• **Prompt**
Retype, exactly as they appear below, the lines between the line holding "本站讯 为了进一步弘扬孝亲敬" and the line holding "प्रदेशसभा नियमावली (पहिलो", both ends included.

• **Records for the exercise**
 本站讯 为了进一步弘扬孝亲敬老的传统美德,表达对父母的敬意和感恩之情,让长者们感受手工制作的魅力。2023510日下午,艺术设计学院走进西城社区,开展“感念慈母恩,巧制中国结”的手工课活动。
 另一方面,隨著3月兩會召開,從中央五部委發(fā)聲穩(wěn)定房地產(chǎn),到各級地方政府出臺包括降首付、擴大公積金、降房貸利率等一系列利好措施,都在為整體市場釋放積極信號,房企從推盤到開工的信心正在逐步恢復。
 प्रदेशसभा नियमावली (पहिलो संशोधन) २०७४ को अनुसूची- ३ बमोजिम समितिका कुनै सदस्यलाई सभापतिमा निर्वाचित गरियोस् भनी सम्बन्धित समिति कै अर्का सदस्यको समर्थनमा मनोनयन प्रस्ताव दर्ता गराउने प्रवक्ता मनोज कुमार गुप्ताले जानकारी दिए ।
==
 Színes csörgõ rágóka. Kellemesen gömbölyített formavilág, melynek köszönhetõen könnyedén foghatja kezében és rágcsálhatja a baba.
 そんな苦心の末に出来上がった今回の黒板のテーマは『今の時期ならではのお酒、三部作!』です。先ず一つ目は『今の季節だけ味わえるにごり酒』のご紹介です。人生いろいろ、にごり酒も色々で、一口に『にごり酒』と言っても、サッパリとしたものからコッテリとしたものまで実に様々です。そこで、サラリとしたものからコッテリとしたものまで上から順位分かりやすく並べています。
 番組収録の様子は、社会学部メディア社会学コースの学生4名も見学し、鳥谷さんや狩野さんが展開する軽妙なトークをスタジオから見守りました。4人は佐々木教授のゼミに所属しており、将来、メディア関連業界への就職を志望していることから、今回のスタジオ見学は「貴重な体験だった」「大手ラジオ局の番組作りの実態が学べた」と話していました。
---
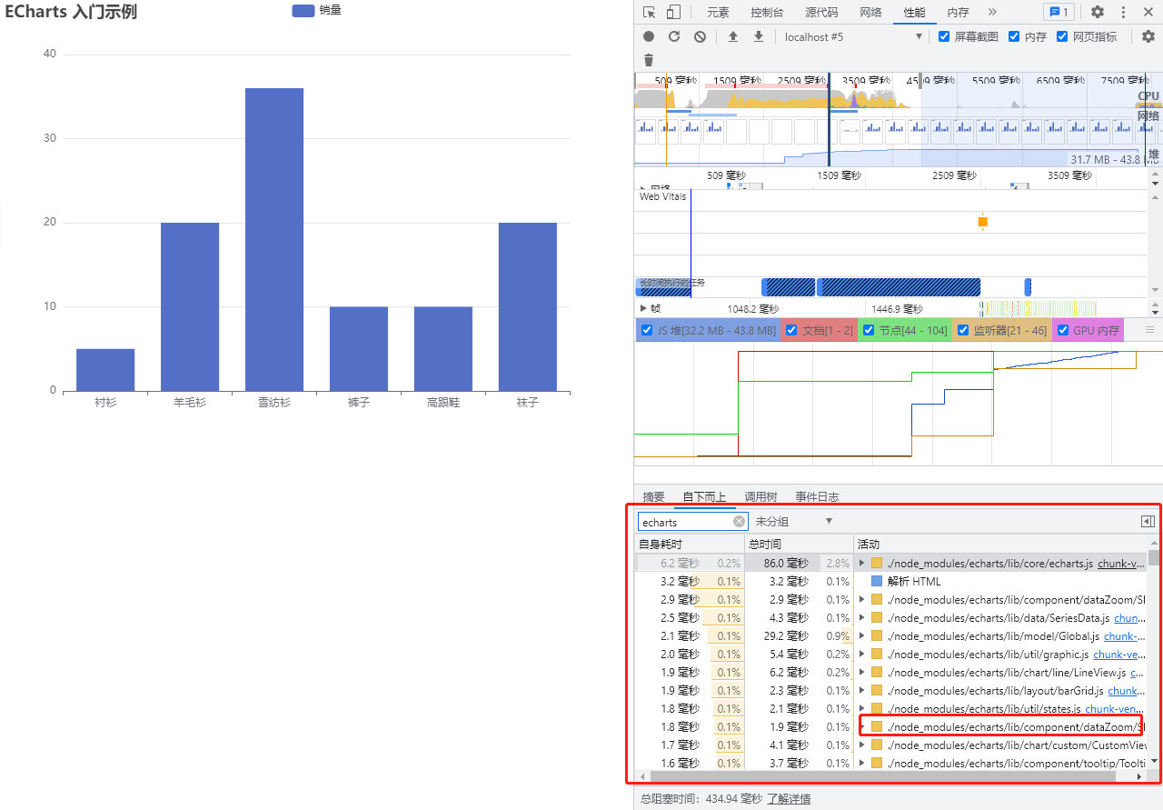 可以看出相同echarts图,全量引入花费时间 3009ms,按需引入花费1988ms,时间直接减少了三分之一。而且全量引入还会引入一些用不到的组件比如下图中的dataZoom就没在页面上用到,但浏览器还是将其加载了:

• **Output of the exercise**
 本站讯 为了进一步弘扬孝亲敬老的传统美德,表达对父母的敬意和感恩之情,让长者们感受手工制作的魅力。2023510日下午,艺术设计学院走进西城社区,开展“感念慈母恩,巧制中国结”的手工课活动。
 另一方面,隨著3月兩會召開,從中央五部委發(fā)聲穩(wěn)定房地產(chǎn),到各級地方政府出臺包括降首付、擴大公積金、降房貸利率等一系列利好措施,都在為整體市場釋放積極信號,房企從推盤到開工的信心正在逐步恢復。
 प्रदेशसभा नियमावली (पहिलो संशोधन) २०७४ को अनुसूची- ३ बमोजिम समितिका कुनै सदस्यलाई सभापतिमा निर्वाचित गरियोस् भनी सम्बन्धित समिति कै अर्का सदस्यको समर्थनमा मनोनयन प्रस्ताव दर्ता गराउने प्रवक्ता मनोज कुमार गुप्ताले जानकारी दिए ।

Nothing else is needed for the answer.